Although the records include pictures, the copy should not; write out exactly the lines from the first through the line with "Slimmad pikétröja för".

:: EXERCISE MATERIAL ::

BEGIN

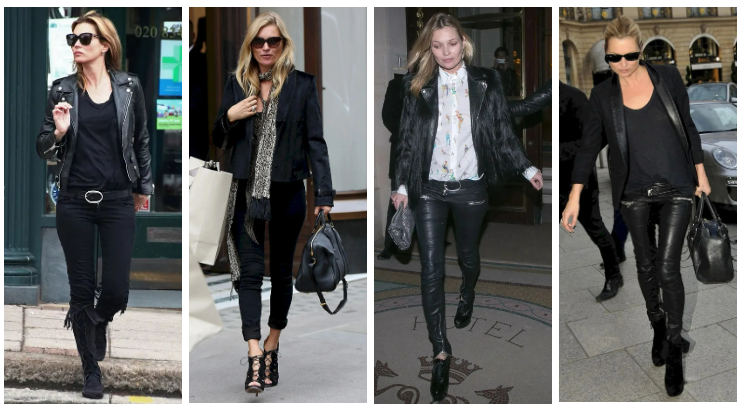 摇滚青年挚爱的合身裤子,也被Kate Moss一脉相承。还记得十年前咱人手N条的铅笔裤吗,那多少受了些大魔王的影响。All black到底,酷极了!
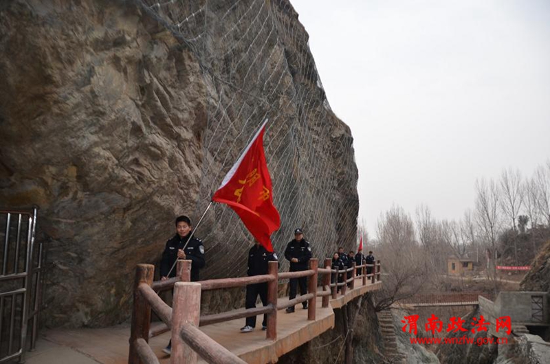 最后,随着一声令下,登高队伍在“华阴市公安局”鲜红旗帜的指引下,迎着凛冽寒风,迈着矫健的步伐,沿指定路线疾步前行,顺着盘旋山路拾级而上。登高途中,大家你追我赶,不甘落后,又相互帮扶,气氛既紧张热烈又轻松愉悦。经过一个小时的攀爬,全体民警辅警成功登顶。
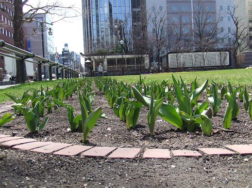 5丁目東側のチューリップ花壇。まだ小さいですが、順調に育っています。
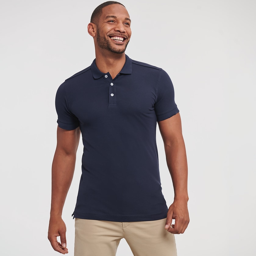 Slimmad pikétröja för herrar med stretch i tyget. Tyget innehåller 5% Lycra vilket gör tröjan underbart följsam och behaglig. Tröjorna levereras styckförpackade i plastpåse. Finns även som dammodell.
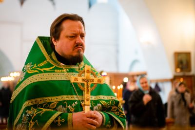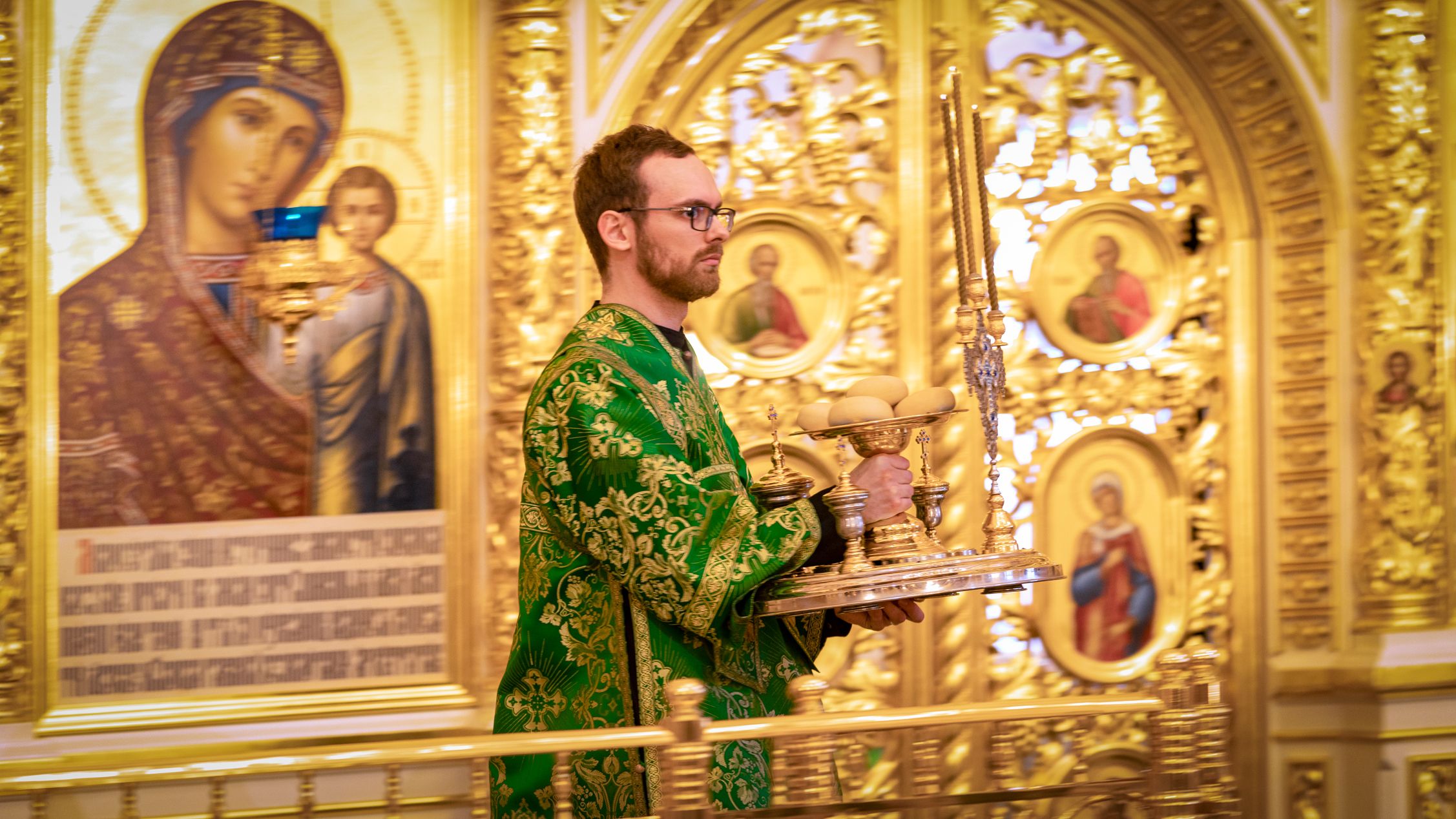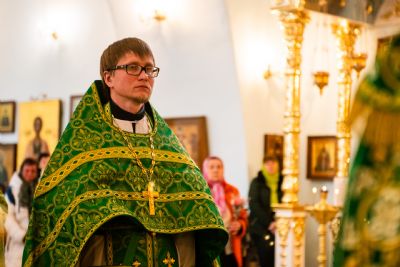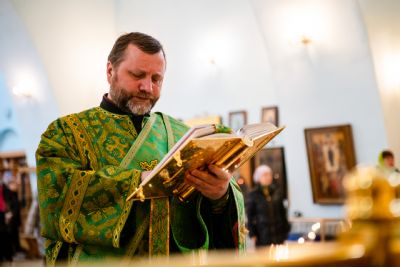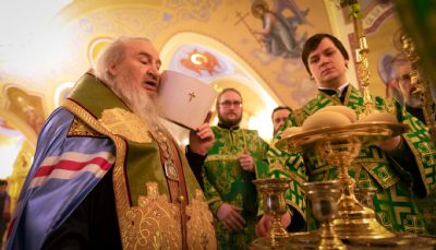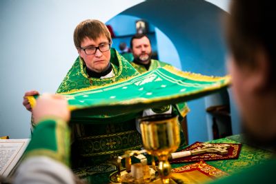 За Литургией главе Татарстанской митрополии сослужили настоятель протоиерей Алексий Державин и клирик Богоявленского собора иерей Александр Махов.
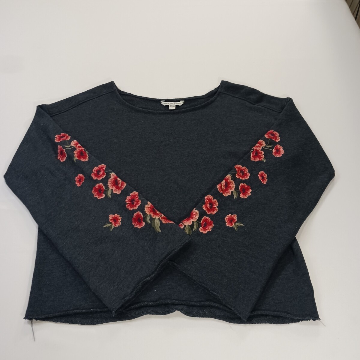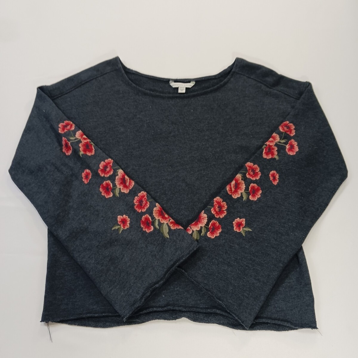 American Eagle Outfitters Women's Gray Floral Sleeve Cropped Sweatshirt Sz Small
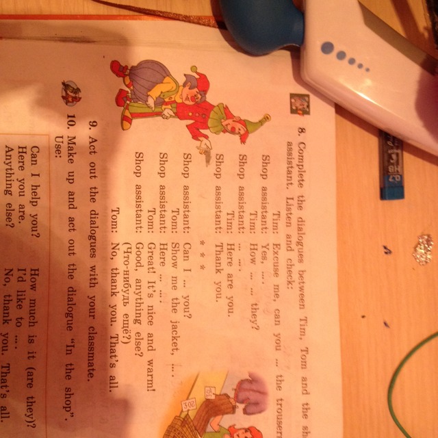 слова которые не видно в задании the shop в первом предложении the trousers?

END

:: RESULT OF THE EXERCISE ::
 摇滚青年挚爱的合身裤子,也被Kate Moss一脉相承。还记得十年前咱人手N条的铅笔裤吗,那多少受了些大魔王的影响。All black到底,酷极了!
 最后,随着一声令下,登高队伍在“华阴市公安局”鲜红旗帜的指引下,迎着凛冽寒风,迈着矫健的步伐,沿指定路线疾步前行,顺着盘旋山路拾级而上。登高途中,大家你追我赶,不甘落后,又相互帮扶,气氛既紧张热烈又轻松愉悦。经过一个小时的攀爬,全体民警辅警成功登顶。
 5丁目東側のチューリップ花壇。まだ小さいですが、順調に育っています。
 Slimmad pikétröja för herrar med stretch i tyget. Tyget innehåller 5% Lycra vilket gör tröjan underbart följsam och behaglig. Tröjorna levereras styckförpackade i plastpåse. Finns även som dammodell.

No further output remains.